Each year the Office of Ethnic Communities supports a range of worthy community initiatives through the Ethnic Communities Development Fund. Last year, we supported Umma Trust to set up a programme to empower refugee Muslim youth to become mentors and role models for refugee children and youth in their local community. This resulted in a number of successful outcomes for youth.

A Youth Steering Group composed of ethnic leaders and key agencies selected 29 youth mentors whose life experience resonated with their peers. The leadership development and mentoring support gave these participants the opportunity to shine both in mainstream and in ethnic communities. The mentors were able to support 82 refugee youth from Afghanistan, Eritrea, Somalia, Ethiopia, Tigre, Southern Africa, and the Middle East.
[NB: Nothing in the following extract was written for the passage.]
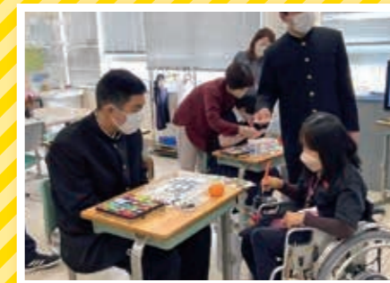
絵手紙講座(特別支援学校出前講座)

Mentors worked with youth through a range of programmes including Youth Sport, Academic Mentoring, Young Women Leaders and Music & Poetry.

Each programme had its successes.

  • The Olympic Ballers, the only Muslim refugee youth basketball team in a mainstream league in Auckland had one player selected for the Auckland under 19 Team, one player selected for the Auckland under 25 Team and the team’s success moved them into the A League.
  • The Umma Trust team won the Ethnic Soccer Tournament for Auckland Region.
  • Two of the Umma Trust young women leaders were the only young African women in Auckland represented in an inter-secondary school’s competition:Word - the front line. They were also included in TV3’s Both Worlds film on Wax Poetic Slam.
  • Academic mentoring enabled one of the participants to complete a Degree in Youth Development (Weltec) and another to complete a Master’s Degree in Public Policy (AUT).
  • The Boys Blessed Movement (digital music and poetry programme) created their own clothing line and produced digital music and poetry called "Blessed Movement", with the slogan “The only way is up".
  • There was an unexpected achievement of Mohamud Mohamed, who was the Co-ordinator of the academic mentoring programme. He became a finalist for the New Zealander of the Year 2018: Local Hero Award. Mohamud is now a Diversity and Engagement Advisor at the Office of Ethnic Communities.

For Umma Trust staff, this has been an amazing adventure working with these youth leaders. Refugee youth can face challenges during their settlement journey and this leadership programme has emphasised belonging to a community and providing a sense of purpose for the youth leaders and the youth they mentored.